Pathogenicity and Functional Analysis of Multi-Variant Allele of RPE65 Causing Retinitis Pigmentosa

  • Transl Vis Sci Technol. 2026 Feb 2;15(2):1. doi: 10.1167/tvst.15.2.1.
Guiyue Wu  1  2  3  4 Qingge Guo  1  2  4 Ya Li  1  2  4 Shun Yao  1  2  3  4 Ya You  1  2  4 Leilei Hao  5 Bo Lei  1  2  3  4
Affiliations
  • 1. Zhengzhou University People's Hospital, Henan Provincial People's Hospital, Zhengzhou, China.
  • 2. Henan Eye Institute, Henan Eye Hospital, Zhengzhou University People's Hospital, Henan Provincial People's Hospital, Zhengzhou, China.
  • 3. Eye Institute, Henan Academy of Innovations in Medical Science, Zhengzhou, China.
  • 4. Henan Clinical Research Center for Ocular Diseases, People's Hospital of Zhengzhou University, Zhengzhou, China.
  • 5. Perelman School of Medicine, University of Pennsylvania, Philadelphia, PA, USA.
Abstract

Purpose: Multi-variant alleles causing retinitis pigmentosa (RP) are extremely rare. This study aimed to explore the pathogenicity and function of a multi-variant allele of RPE65 associated with retinitis pigmentosa.

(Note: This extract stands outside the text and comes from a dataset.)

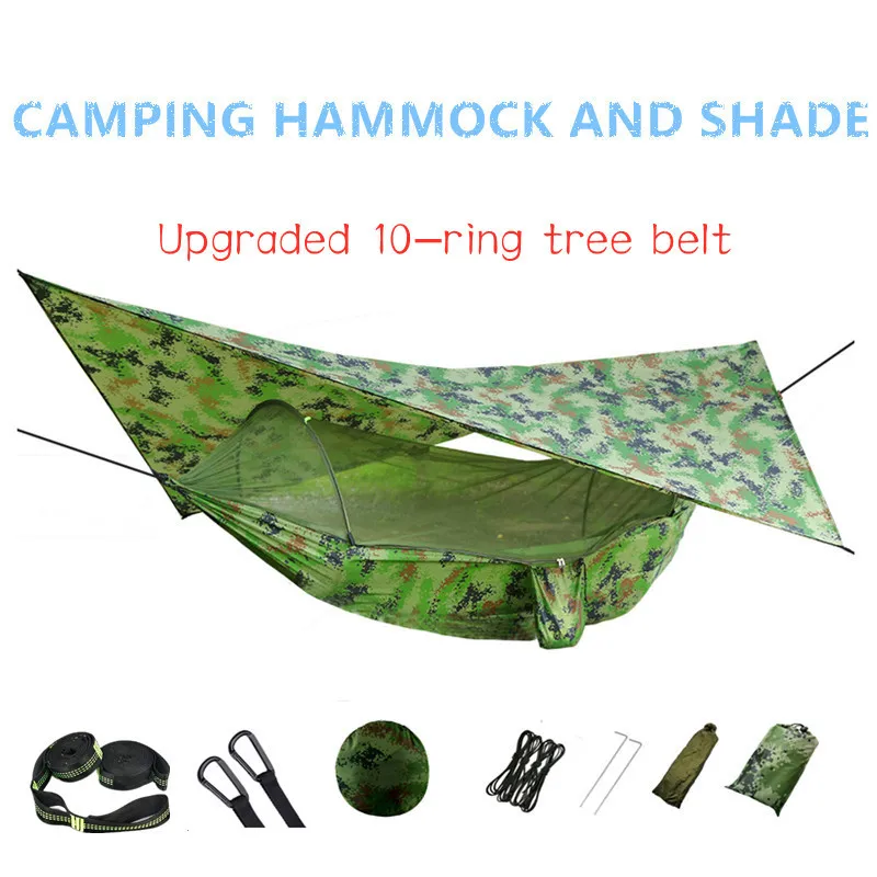 Выдвижной Портативный парашют, гамак для кемпинга на открытом воздухе, с москитной сеткой и солнцезащитным укрытием, Модернизированная подвесная койка с 10 ремешками для деревьев, качели

Methods: Ophthalmic evaluations were performed. Targeted next-generation Sequencing was performed for the proband, and Sanger Sequencing was conducted in the family members. In silico molecular genetics and bioinformatics analyses were performed. Wild-type RPE65 and variant plasmids were constructed and transferred into HEK293T cells. The expression levels, protein stability, and protein ubiquitination levels were measured.

Results: A 9-year-old genotypic female showed signs of RP. Five missense variants were identified in the RPE65 exonic region of the proband. Four missense variants, c.1154C>T (p.T385D), c.571A>G (p.N191D), c.490A>C (p.K164Q), and c.480G>C (p.L160F), were arranged in the same allele, whereas the variant c.16G>A (p.E6K) was found on the Other allele. c.490A>C, c.480G>C, and c.16G>A were novel variants. In vitro, variant proteins c.1154C>T, c.571A>G, c480G>C, and c.16G>A and the multi-variant allele exhibited decreased expression levels and decreased protein stability but increased ubiquitination levels.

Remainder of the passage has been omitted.